Tropical vegetation emissions don't disrupt the atmosphere's self-cleansing mechanism, so long as they don't combine with industrial pollution

Atmospheric chemists have been overestimating the harmful effects of rainforests’ hydrocarbon emissions, German scientists say. Their results suggest nature’s atmospheric cleansing system, thought to be affected by rainforests, is more resilient than previously believed. 

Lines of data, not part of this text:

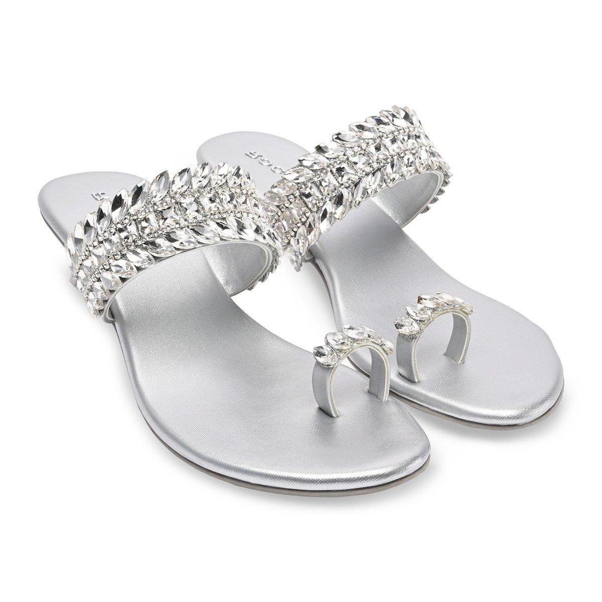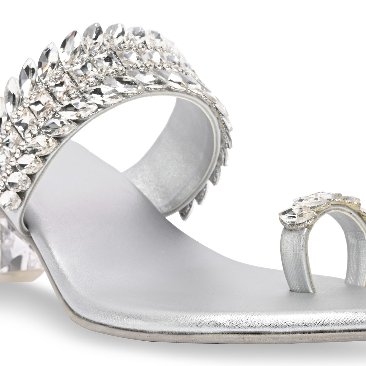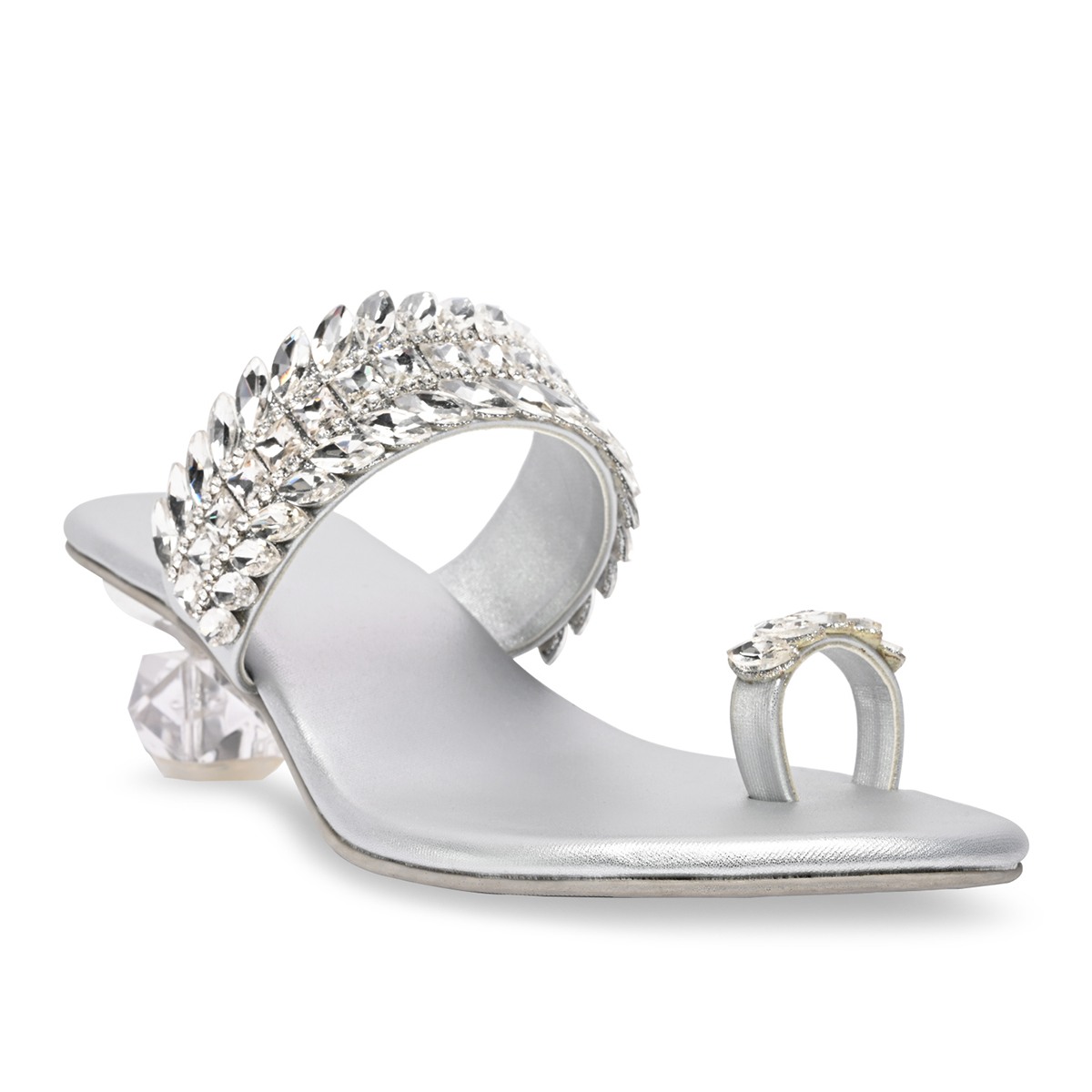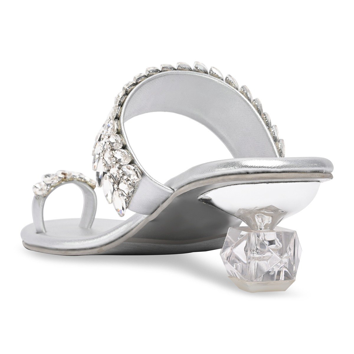 Step into luxury with Rocia’s Women One Toe Diamond Encrusted Glass Heel Sandals. The dazzling diamond accents and transparent glass heel create a unique, glamorous look perfect for weddings and parties. Heel Height: 1.5 inches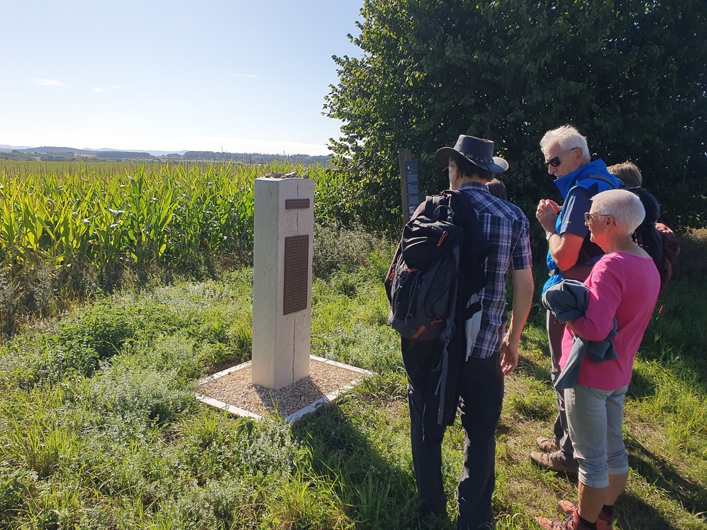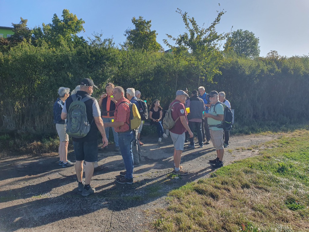 Bei herrlichem Wanderwetter ging's dieses Mal schon um halb neun Uhr am Vereinsdomizil in der Breite Straße los. 17 Wanderer hatten sich eingefunden, um mal wieder die nähere Nachbarschaft zu durchstreifen. Beim Wertstoffhof machten wir die erste Pause für unser zweites Frühstück. Rolf Hähnle brachte den Sekt mit und wir stießen auf sein Wohl im neuen Lebensjahr an. Dann ging's an den Weildorf-Höfen vorbei zur KZ-Gedenkstätte, wo uns die neuen Denkmale (Skulpturen tragen einen Betonpfeiler eines ehemaligen Hangars, Gedenkstein am ehemaligen Massengrab) an das fürchterliche Geschehen vor 80 Jahren aufmerksam machten.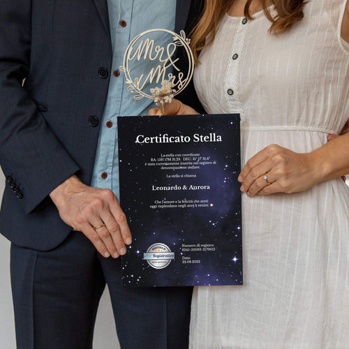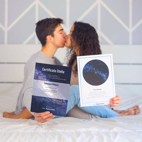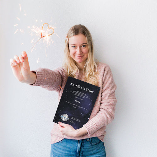 Riceverai un certificato stellare personalizzato per la tua stella nominata. Offriamo una vasta selezione di diversi disegni, così come la possibilità di aggiungere una dedica personale.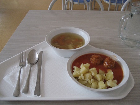 Kertész leves Olaj Liszt Száraztészta Fekete őrölt bors Só Ételízesítő Gyökér Karalábé Sárgarépa Vöröshagyma Zeller Karfiol (mirelit) Petrezselyemzöld (mirelit) Zöldbab, sárgahüvelyes (mirelit) Zöldborsó (mirelit) Húsgombóc Sertés színhús Tojás Rizs Őrölt fekete bors Vöröshagyma Paradicsomos mártás Olaj Liszt Kristálycukor Só Vöröshagyma Sűrített paradicsom konzerv Főtt burgonya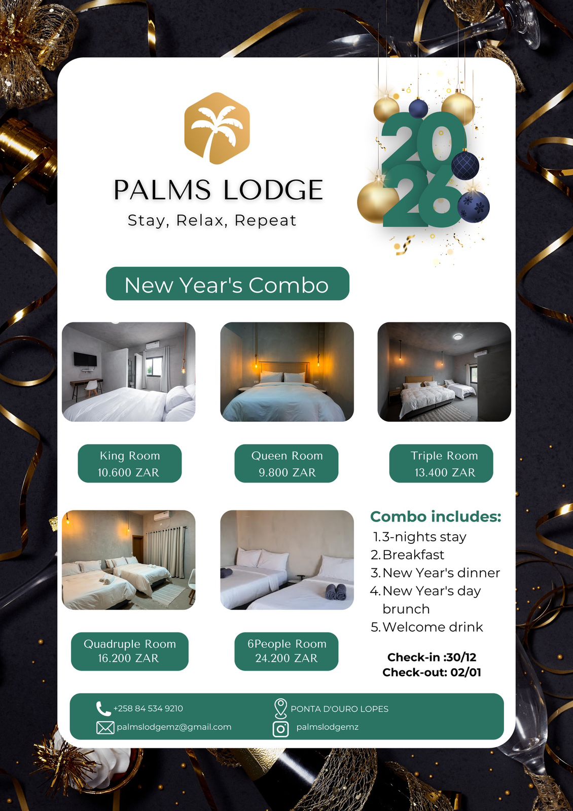 Discover the beauty of Mozambique and relax in style at Palms Lodge. Check our availability and book directly for the best rates.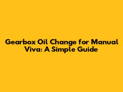 Gearbox Oil Change For Manual Viva: A Simple Guide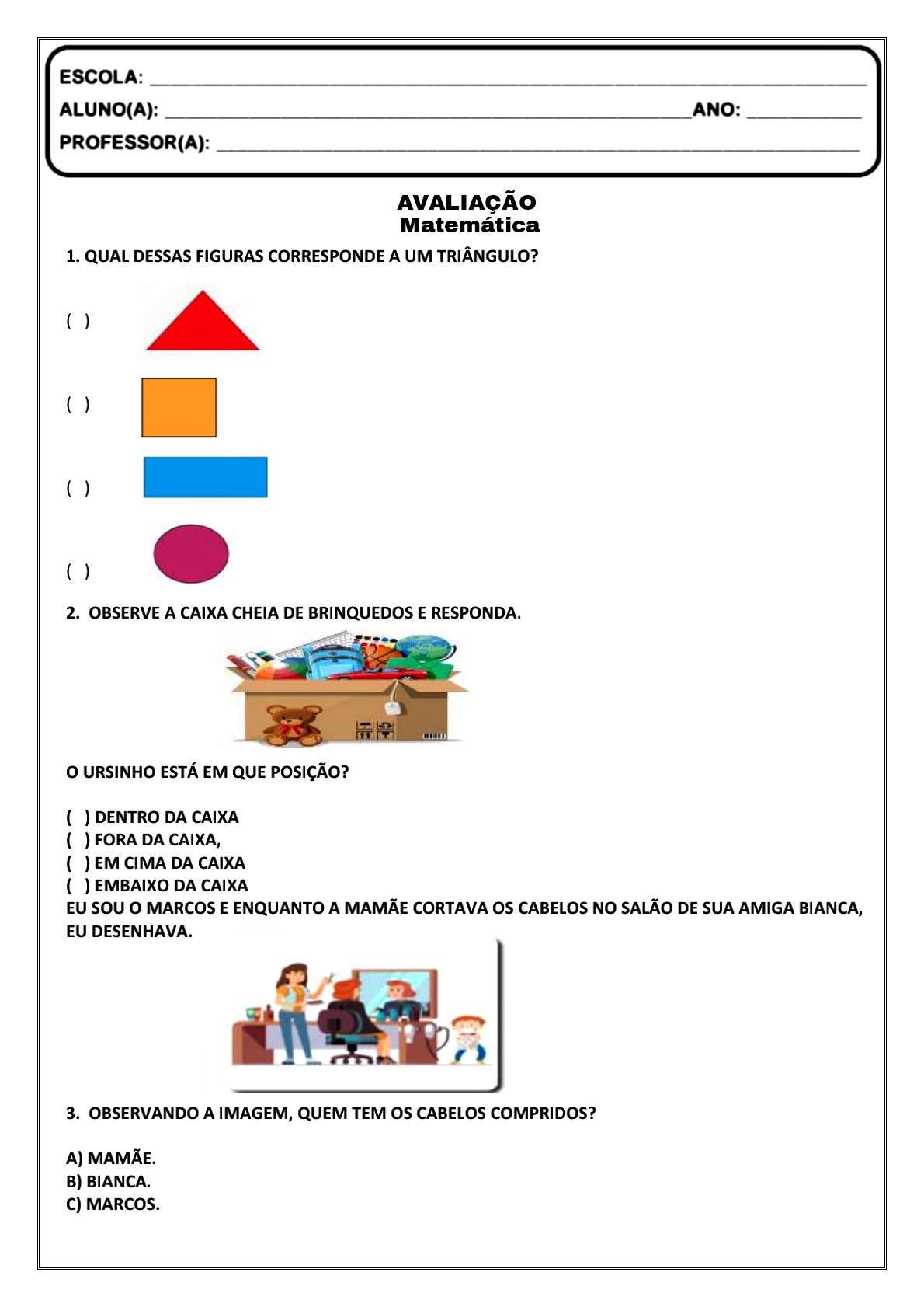 👍Avaliação de matemática

Tropical rainforests release large amounts of volatile organic compounds (VOCs) into the atmosphere, including hydrocarbons such as isoprene. VOCs have their good points, biologically speaking: they repel pests and attract pollinators, for example. But they can also be harmful - most obviously in polluted air, where they combine with nitrogen oxides to make ozone, which contributes to smog. Even in clean air, however, they are oxidised by the atmosphere’s ’detergent’: hydroxyl (OH) radicals produced by the action of solar ultraviolet on ozone. Above a rainforest, large amounts of VOCs might dangerously deplete levels of OH radicals, atmospheric models had predicted - meaning less of the cleansing agent available to mop up greenhouse gases such as carbon dioxide and methane.   

Amazon_rainforest-350

Source: © ? MPI for Chemistry

The Amazon rainforest in Suriname

Fortunately, rainforests don’t seem to be monopolising atmospheric detergent as much as expected, say scientists at the Max Planck Institute for Chemistry in Mainz, Germany. Jos Lelieveld and colleagues measured atmospheric trace gases from an aircraft over the Amazon rainforest in South America, and found unexpectedly high levels of hydroxyl radicals. The reason, they suggest, is that natural chemistry recycles the radicals, sustaining atmospheric cleansing. 

’The existing models underestimated hydroxyl recycling by about a factor of ten’, Lelieveld says. ’Isoprene chemistry is complex and was not well understood’. The researchers propose that a previously overlooked reaction pathway, involving organic peroxy radicals, is responsible for a higher recycling efficiency in isoprene oxidation. 

Alex Guenther, of the National Center for Atmospheric Research in Boulder, US, says the results confirm earlier indirect evidence that isoprene has a smaller effect on hydroxyl radicals than previously thought. ’The researchers propose that hydroxyl recycling can explain the discrepancy, but there is not yet sufficient evidence of this and more research is required to explain the observed high hydroxyl levels,’ he comments.

Lelieveld’s observations explain how the atmosphere has sustained its cleaning mechanism throughout geological times, but they also confirm that tropical deforestation and urban and industrial activities boost air pollution, contributing to climate change. ’The natural biosphere-atmosphere interaction is sustainable, but human influence disrupts this remarkable balance, leading to air pollution,’ Lelieveld says.